The Internet as Storage Device

Blogged under Journal Entry,Media,Music by Kris Kane on Thursday 13 April 2006 at 2:18 pm

It’s almost as fast to download a song as it is to find it in my (pretty fucking big) music collection—and I’m pretty convinced it’s actually better to download than to find the local copy. I’m not quite convinced it’s better to download than it is to store—the internet does occasionally still go away for brief periods, and if I want to hear Joy Division’s first album right now to make me feel better about being offline (after all, it was 1983 when I first heard it, and the internet slumbered somewhere deep inside Defense Department hardware, waiting to be born), I’d be out of luck (unless I somehow found the unlabeled black cassette recording of this album I probably still own, somewhere). But as these things become more and more reliable (and uninterruptible power and always-on omnipresent wireless broadband are on the horizon of ubiquity), I can easily see a day where I’ve got a comparatively tiny hard drive and when I want to hear something, even something as rare as say Godspeed You! Black Emperor’s first release (thirty-three copies on cassette!) I’ll just open a window and pull it out of the net. I said better, too, right? Behold:

I know I have Lynyrd Skynyrd’s “Freebird” somewhere on my primary hard drive, but I don’t feel like looking for it (I’m still “unpacking” after my move from my old computer—it’s getting to be as protracted a process as if I had actually moved house, and I can easily foresee myself “living out of boxes” for some time yet). So I turn to my usual source for music I don’t yet own, and start searching for Freebird. Within thirty seconds, I’ve got the album version of Freebird downloading, a live version ostensibly from a bootleg recording (you never know with this shit until you download it and listen to it—I’ve seen stuff so mislabeled and fucked up that it makes all the “wikipedia is unreliable” arguments sing and dance in my imagination (same issue: ignorant sources substituting bad guesses or malicious erronity (!!) as definitive data)), another track called “David Cross — Freebird.mp3″ and a cover version (again, pending download, probably a cover version) of Freebird by Cat Power. I think the David Cross thing is a cut from one of his comedy albums. I’ll probably listen to it (again? I vaguely remember it) and discard it. But the Cat Power thing could be awesome. It could be my new favorite version of this song … and if I hadn’t been lazy and misplaced the copy of Skynyrd’s “Freebird” that I already have, I never would have found it.
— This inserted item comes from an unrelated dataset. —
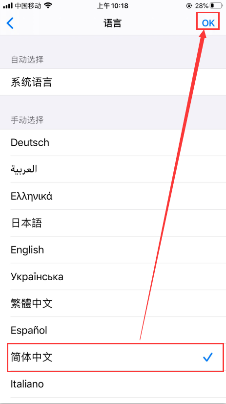 注:设置为简体中文后,点击右上角OK保存。
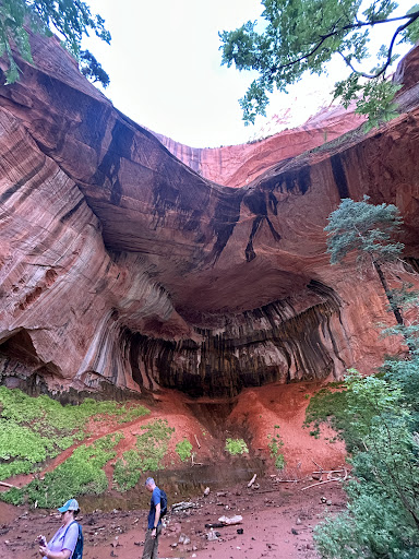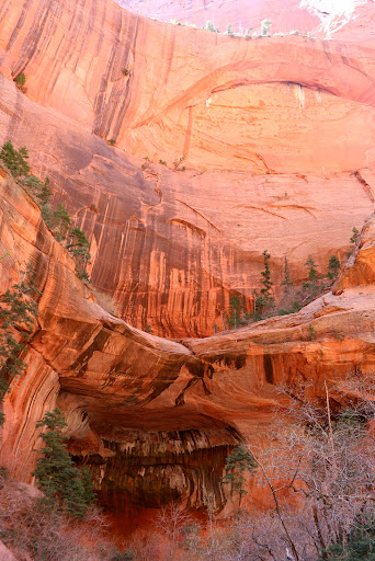 Looking for an incredible Zion experience without the crowds? In this lesser-visited corner of the park, Taylor Creek Trail takes you through a gorgeous canyon with towering red cliffs, repeatedly hopping a small creek, eventually reaching an impressive double arch and alcove. On a Monday in mid-April, we began just before 10am. There were roughly a dozen vehicles at the trailhead. We passed a handful of parties both going in and back, and encountered a ranger at the second cabin. At our hiking, the trail beyond the cabin was only recently reopened post-rockfall, with an "At Your Own Risk" warning. In the area of the rockslide, not far before the arches, there was ample evidence of a recent violent event, with trees snapped off up to 12 feet above the ground, numerous branches down, wood shards driven into the soil, and a complete coverage and blockage of the creek with rocks, sand and debris. We took great care in this area to listen carefully and be on our guard for rock activity. The arches and alcove were one of the most impressive features I've seen. The alcove provides a striking echo, and great acoustics if you're a singer! If you're willing to brave the area and weigh the rockfall risk, the reward at the end is far worth the hike. Our total hike was 5.35 miles, and took us 2...

Music piracy (uh if that was in fact what I was doing instead of uh legally purchasing copies of everything I’ve just mentioned through whatever website(s) you use for that) is an incredibly democratizing and liberating force, if you extend it in its natural directions (I have a huge library of books I’ve downloaded—and the bulk of the ebook material available through peer-to-peer networks is made up of instructional manuals).

I’m profoundly ambivalent about it, and I’m sure the dichotomy doesn’t escape those who regularly read this thing. I’m paranoid enough about my (shitty first draft) writing being ripped off that I hide it behind layers of passworded bullshit, but when I want to feed on the lifework of any recording artist, writer, film production crew, etc., past, present or future, I expect to be able to swing a machete overhead, cut a vine, and suck like an explorer in a Tarzan movie.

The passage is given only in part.